HALIFAX – Remember that extensive, expensive transit study that was made public a month or two back? The one I wouldn’t shut up about? Well apparently it wasn’t extensive or expensive enough.
City staff asked for more money to further study two aspects of public transit – the Access-a-Bus program and the city’s ferry service – at last night’s regional council meeting.
How much more money, you ask? Only about $69,100 [PDF]. Of course, that’s $69,100 on top of $258,200.16 already paid out to the IBI Group, the independent consulting firm behind the Metro Transit Five-Year Strategic Operations Plan [PDF]. That’s 26.76% of the value of the original contact.
Council approved.
The report, from the desk of Halifax’s Chief Administrative Officer Dan English, states that it “originates from the need for additional projects that have arisen from work completed on the Metro Transit Five-Year Strategic Operations Plan.” Or, the study determined that more study was necessary.
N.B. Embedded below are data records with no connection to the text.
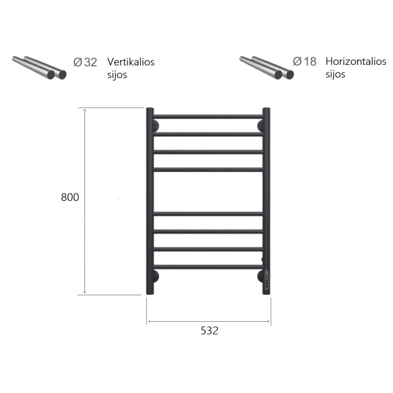 Elektrinis rankšluosčių džiovintuvas Terminus Aurora P8, juodas
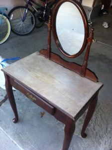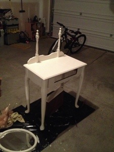 So I started on the vanity. Which costs me $15.00 at the local Goodwill. Originally I thought it would look nice in my bedroom, but the roommate (hubby) said no. So I sanded down the top because it had cup rings on it and I was only going to restain the wood. Sometime during my trip to Home Depot, my mind drifted to off white acrylic paint. So I decided to chalk paint the vanity for my granddaughter. Chalk paint is latex paint with Plaster of Paris mixed.
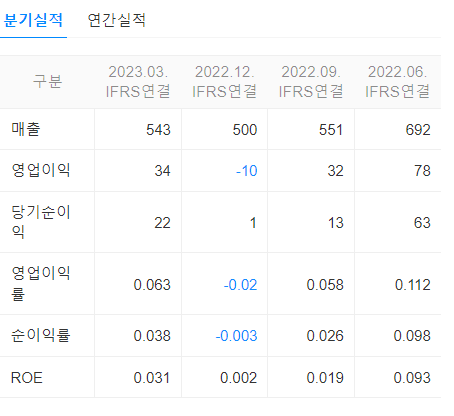 - 매출액: 510억원 (전분기 대비 9.4% 상승)
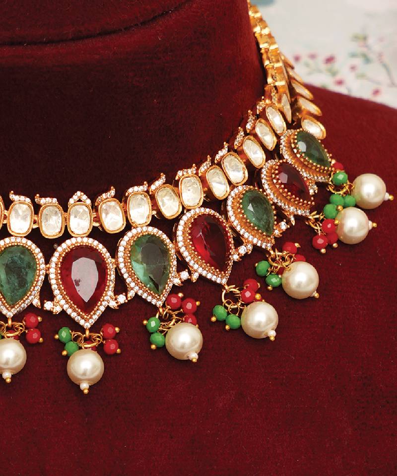 | Product Name | Gold Plated Kundan Multicolor Stones Choker Necklace Set | |
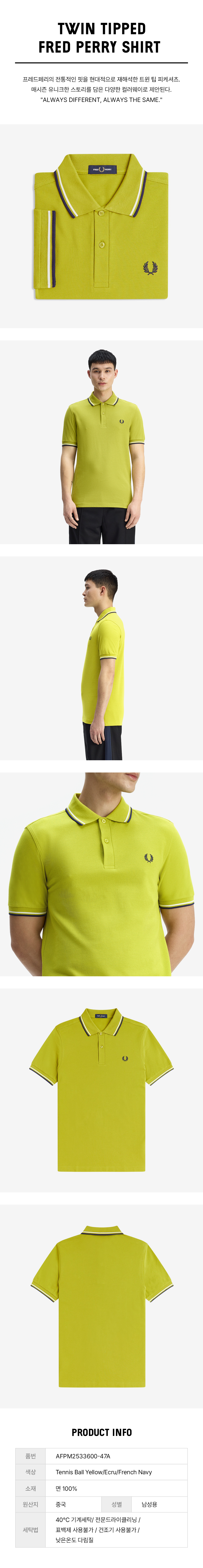 프레드 페리 M3600 트윈 팁 프레드 페리 셔츠 테니스볼옐로우 에크루 프렌치네이비
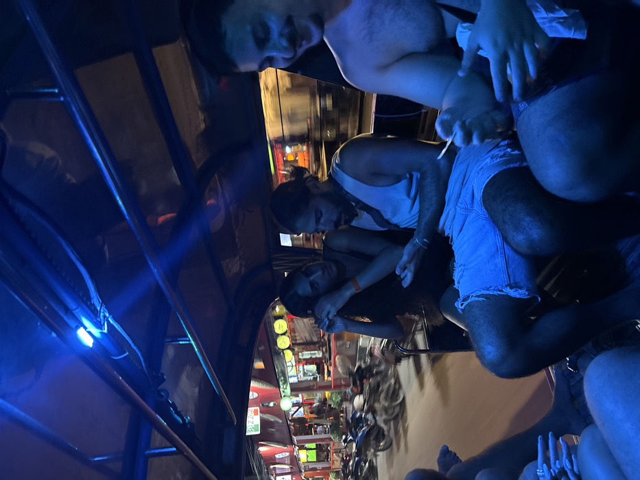 The image depicts the interior of a moving open-sided, covered passenger vehicle, likely a tuk-tuk, illuminated by overhead blue LED strip lights, on a commercial street at night in what is consistent with Moo 1, Thailand. Three individuals are prominently visible among multiple occupants. On the far right, a shirtless male with dark hair and a light complexion is smiling towards the right, holding a small white object in his right hand. Center-right, a bearded male with dark hair tied in a bun, wearing a white sleeveless top and light blue distressed denim shorts, looks down at his hands, which are held together, appearing to manipulate a small object. To his left, a female with long dark hair, wearing a dark top and an orange wristband, looks towards the bearded male while adjusting her hair near her left ear. Partial views of legs and feet of additional occupants are visible in the foreground. The background, blurred due to motion, shows a vibrant street lined with brightly lit storefronts, including a "Pizza" sign, and parked motorcycles.
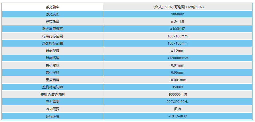 SC-Y- 20W光纖激光機技術(shù)參數(shù):
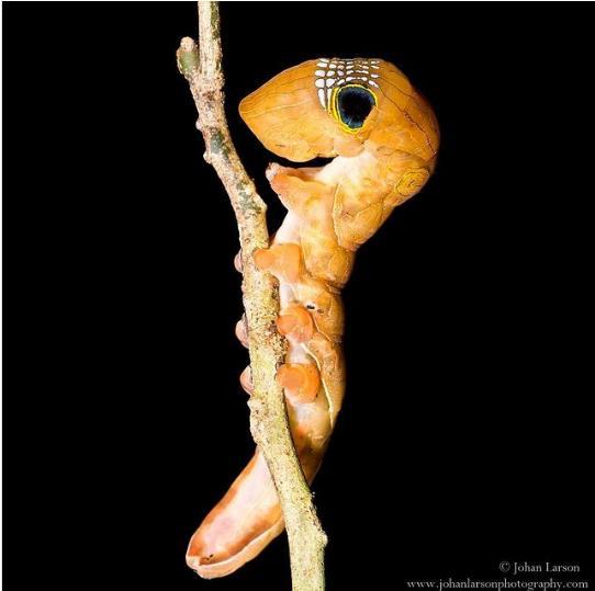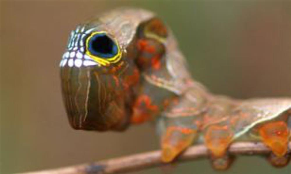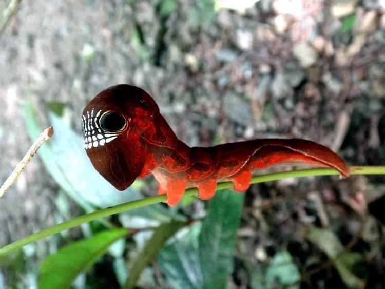 Sâu bướm của loài bướm đêm màu hồng quý hiếm có cơ chế bảo vệ rất kỳ lạ. Khi bị tấn công, nó đột nhiên ưỡn lưng để lộ một đôi mắt to, giống hình đầu lâu vô cùng đáng sợ.
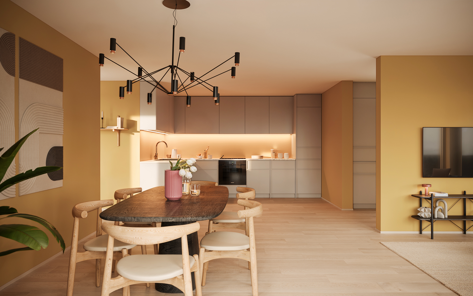 - Kjøkken med tidløst design og integrerte hvitevarer

Which happens. Anyway, the report goes on to recommend that council approve the request for more funding, and also asks that council authorize that same IBI Group to conduct the study.
Which also makes sense. If the IBI Group conducted a supposedly comprehensive study of Halifax’s transit system, why not use that same contractor to do more in-depth and focused study?
What’s weird is the timing. Perhaps I’m a touch cynical after sitting through the recent council sessions where the transit plan was discussed; that wonderful circus of councilors being truly concerned about which bus routes will be affected (what about my riding?), Blumenthal yammering on about the olds (in his district), and all the other wonderful bullshit that comprises municipal affairs.
Or perhaps it’s the bad taste left in the mouth when staffers announce that the city is facing a $30 million deficit next year from one mouth, and ask for more money out of another. It hits too close to home. It’s like every conversation I’ve had with my father.
Maybe it’s the fact that all study and no action makes Jack a dull municipality. Either way, more study is what we’re getting. Enjoy walking this winter.
Oh, and by the way, everyone got raises. Merry Christmas.
photo by Lawrence Plug
3 comments
While I’m guessing you’re joking with the Merry Christmas quip, I don’t quite see the problem with the whole councilor salary “compensation,” since that’s what they were doing: fixing a mistake caught in a formula to calculate their salary which had resulted in them getting paid less than their contract stipulated.
http://halifax.ca/legislation/adminorders/compensation.html
Crying foul at council raises seems completely wrong-headed, in my opinion. Raising councilor salaries simply means that running for council becomes an option for anyone to attempt, despite their financial situation. Although it looks bad when, often enough, those salaries go to councilors who are already privately wealthy, keeping councilor salaries at a reasonable level is inherently more democratic because it means that anyone, irrespective of wealth, can quit their day job, sit on council, and still support a family, pay the rent, cover the grocery bills, etc.
It’s also a sign that we value the work they do and that it’s important they do it well. That’s why we pay them the big bucks!
I don’t think that was the thrust of the article. And I agree.
Optics wise, however, it’s pretty damn bad timing.
But I wouldn’t argue that councilors are over-paid, nor that they should not receive adequate compensation for the hard work they do.
I’ve always liked how traffic is reminiscent of clogged nasal passages. A plan to relieve congestion via a better transit system with more cute ferries is just the sneeze Halifax needs.